A patent is granted by a government of a specific country. The applicant makes his invention public, specifying it exactly in a detailed document. In exchange, the government gives the applicant the right to exclude others from making, using or selling the invention in that country, usually for 20 years.
It’s important to know the difference between a patent application and a granted patent. A patent application is usually first filed in the applicant’s home country; the date of filing is called the “priority date”. A patent application is indicated by the letter “A” after the patent number. Information about the title and applicant is made available immediately, but the full details of the patent application are not published until 18 months after filing. Before publication, a patent examiner at the patent office does a preliminary search to check for prior relevant technology. If anything significant is found, the applicant may withdraw the application at this stage. As many as 50% of patent applications are never even published.
Before a patent is granted, it goes to full examination. If granted, it is given the letter “B” after the patent number. The invention must fulfil a number of criteria: the most important of these are that it must be novel and it must not be obvious. To be novel, the information must not be “in the public domain”; for example as another patent or in a journal. An invention is considered obvious if a person “skilled in the art”, i.e. familiar with that area of technology, finds the invention a simple, predictable improvement on something already known. As you can see it would be advisable to have professionals, such as InventHelp patent invention company, by your side.
Once the patent is granted, fees must be paid every year to the patent office in order to keep the patent in force. If the fees are not paid (perhaps because the technology is no longer commercially important to the patent owner) the patent is deemed to have lapsed. A patent gives legal protection for 20 years from the date of filing. After that time, the patent is said to have expired.

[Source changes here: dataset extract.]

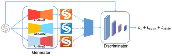 - Isola, P.; Zhu, J.Y.; Zhou, T.; Efros, A.A. Image-to-image translation with conditional adversarial networks. In Proceedings of the IEEE Conference on Computer Vision and Pattern Recognition, Honolulu, HI, USA, 21–26 July 2017; pp. 1125–1134. [Google Scholar]

The owner of a patent may grant a licence to other manufacturers to make use of his patent. He can charge a licensing fee.
Within 18 months of the priority date, patents may be filed in other countries. The collection of equivalent patents in different countries around the world is known as the “patent family”. An extensive patent family may indicate important technology that the owner thinks is well worth the cost of protection worldwide. Different patents in the same family are not necessarily identical. A patent examiner may have refused a claim in one country while an examiner in another country may have permitted it. This means that, for any patent that is very important to you, it is essential to ask the patent agency to check the exact wording and claims for the countries in which you want to manufacture or sell. InventHelp patent services can help you with this.
A European patent is a simple way of obtaining patents in a number of countries in Europe, by filing a single application (which must be in English, German or French). After the patent is granted, fees have to be paid in each country, so the patent may be allowed to lapse in some countries and remain in force in others.
“World” patents or PCT patents (Patent Cooperation Treaty) are not patents that are valid throughout the whole world. Rather, they are a way of making a single international application in one language and having a single international search, which is valid in all countries. The patent assignee then has to apply to the national patent office in each country of interest, for the patent to be granted in each country.
USA patents are interesting because they must by law give a more detailed description and drawings than is required in other countries. Additionally, they must give a detailed description of the prior art. This means that USA patents are often a good source of technical information and of references to previous patents in the field.